Fremont-Mills Voters Will Decide Fate Of PPEL Extension

The Fremont-Mills School District will ask voters to extend a tax levy it uses to maintain the school’s buildings, make improvements and purchase school equipment.

On Nov. 2, Fremont-Mills’ will put its Physical Plant and Equipment Levy (PPEL) to voters for a 10-year renewal. The current PPEL, which is set to expire June 30, 2022, raises $412,000 annually for the district. The measure would need a simple 50 percent majority to pass.

“This isn’t a new tax,” said Fremont-Mills Superintendent Dave Gute. “It’s something we’ve used for a while in and around our district.”

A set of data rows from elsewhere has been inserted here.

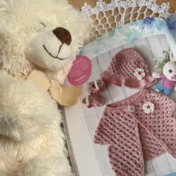 - háčkovaná sada pro miminko – klobouček, svetřík i capáčky,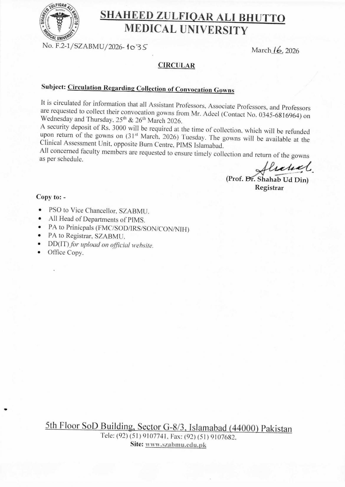 Circulation Regarding Collection of Convocation 2026 Gowns for Faculty Members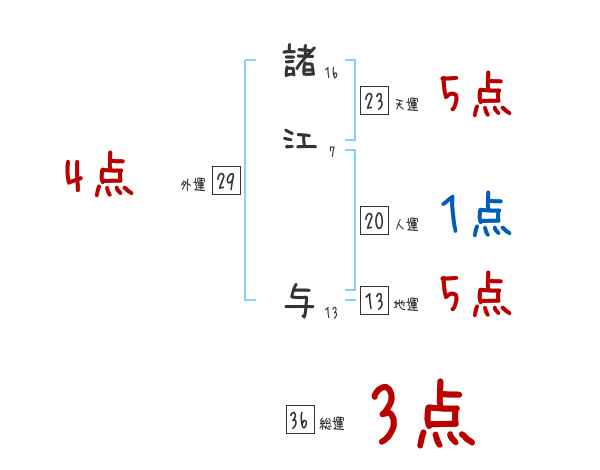 天運![]() | 諸江与さんの天運は23画の5つ星!想像力に優れ活力がある。一代で成功し名誉を手に入れる。 家系が持つ宿命的な運勢を表します。祖先から受け継いだ苗字ですので自分の力が及びません。家柄を象徴します。 |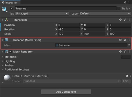 Mesh Filter 组件包含对网格的引用。该组件与同一个游戏对象上的 Mesh Renderer 组件配合使用;Mesh Renderer 组件渲染 Mesh Filter 组件引用的网格。

For district residents, the PPEL represents a tax of $1.34 per $1,000 of property valuation. To level out the burden of that figure,  the district has elected to take 62 cents of that for the school from property taxes. The remaining .72 cents is generated by income surtax the district.

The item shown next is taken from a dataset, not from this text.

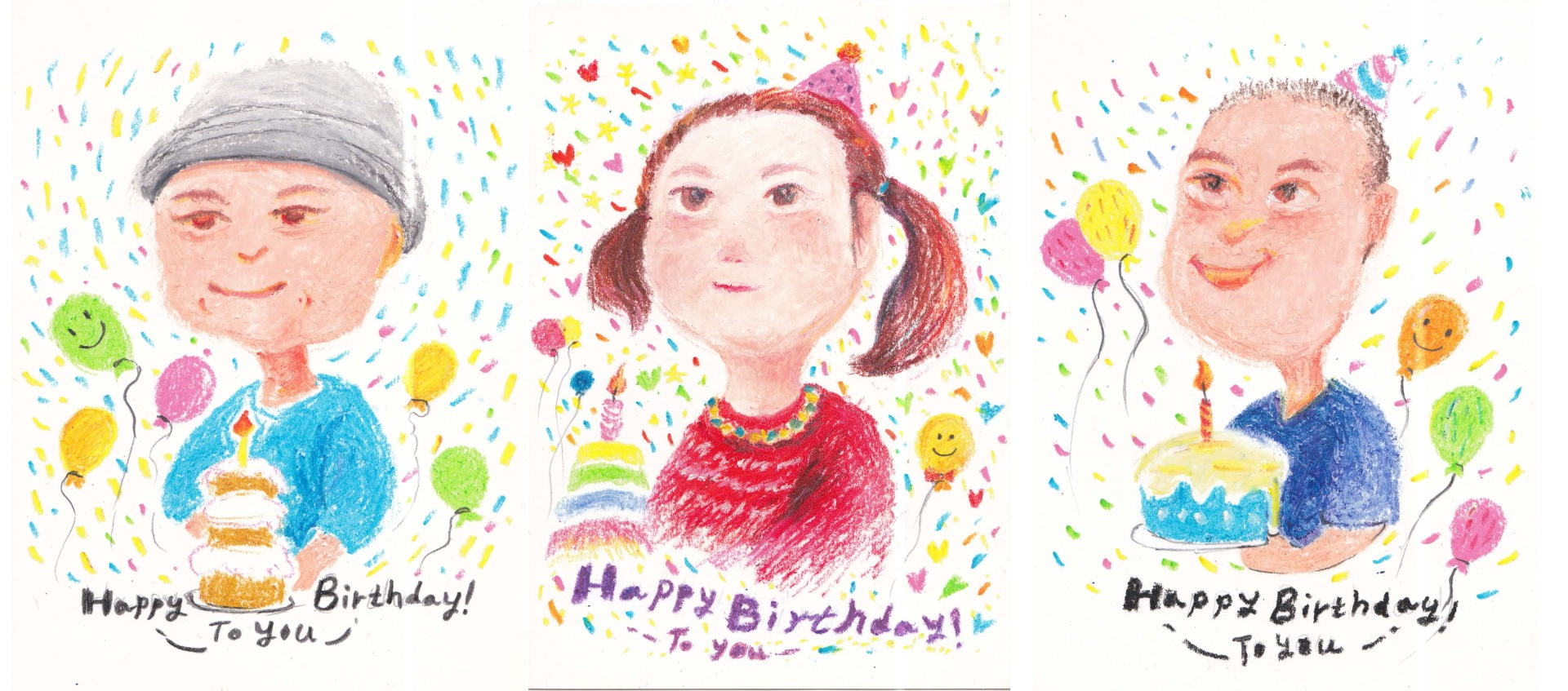 在蠟筆畫裡,一件物品也能有好多不同的構圖方式。

Gute said that split is the school board’s way to show how responsible it is with the district’s monies and to essentially divide the tax among homeowners and renters.

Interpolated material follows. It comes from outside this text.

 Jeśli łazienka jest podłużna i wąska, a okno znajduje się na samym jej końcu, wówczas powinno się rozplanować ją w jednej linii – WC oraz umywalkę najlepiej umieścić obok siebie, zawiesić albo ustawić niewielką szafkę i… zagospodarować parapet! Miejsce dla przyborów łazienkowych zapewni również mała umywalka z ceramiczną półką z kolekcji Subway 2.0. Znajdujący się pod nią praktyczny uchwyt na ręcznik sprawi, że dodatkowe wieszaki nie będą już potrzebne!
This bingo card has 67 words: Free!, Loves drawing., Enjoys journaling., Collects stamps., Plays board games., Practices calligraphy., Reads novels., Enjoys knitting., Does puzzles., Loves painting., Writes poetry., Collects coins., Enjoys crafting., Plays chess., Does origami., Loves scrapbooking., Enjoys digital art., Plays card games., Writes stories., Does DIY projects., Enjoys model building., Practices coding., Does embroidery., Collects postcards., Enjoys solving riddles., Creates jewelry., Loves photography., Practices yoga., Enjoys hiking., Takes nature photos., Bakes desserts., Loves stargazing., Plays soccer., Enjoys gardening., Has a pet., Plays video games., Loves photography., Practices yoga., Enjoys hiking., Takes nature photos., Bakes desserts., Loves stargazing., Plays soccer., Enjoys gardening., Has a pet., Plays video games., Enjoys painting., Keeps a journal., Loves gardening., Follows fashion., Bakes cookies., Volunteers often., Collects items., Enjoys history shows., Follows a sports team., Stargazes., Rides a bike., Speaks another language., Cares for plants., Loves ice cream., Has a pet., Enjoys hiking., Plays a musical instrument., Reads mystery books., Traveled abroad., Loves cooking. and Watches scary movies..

“It’s not quite 50/50 on property but it’s to show  everyone is responsible for helping pay taxes to pay for the school. This money is used to buy buses, fix concrete around the building, HVAC and other minor or even major facility needs that we need.”

The money cannot be used for teacher salaries. In the past the district has used the pool of money to fund technology purchases and classroom upgrades.

The PEPL is especially important for the district now, Gute said, after it used money from its Secure an Advanced Vision for Education (SAVE) fund for the construction of the building’s new auditorium and early childhood development center completed in 2019. SAVE is funded through a one-cent sales tax levy.

“The SAVE fund money can be used in a similar fashion but 60 percent of those dollars every year are going to pay off the bonds on those facilities improvements,” he said. “It (the PPEL) is a tax that pretty much helps our district have the money to make the necessary improvements and replace things from time to time.”

The fund, Gute said, is an important one for the district as budgets shrink and the cost of maintaining schools goes up.

“It’s something we use almost weekly if not daily,” Gute said of the PPEL fund, adding the district is in the process of replacing the heat pumps in each classroom. “That work is being paid for out of this. That money sort of protects our educational dollars, our general fund money we use to pay teacher salaries and bus drivers and our heating bills and gas bills. The PPEL is extremely important.”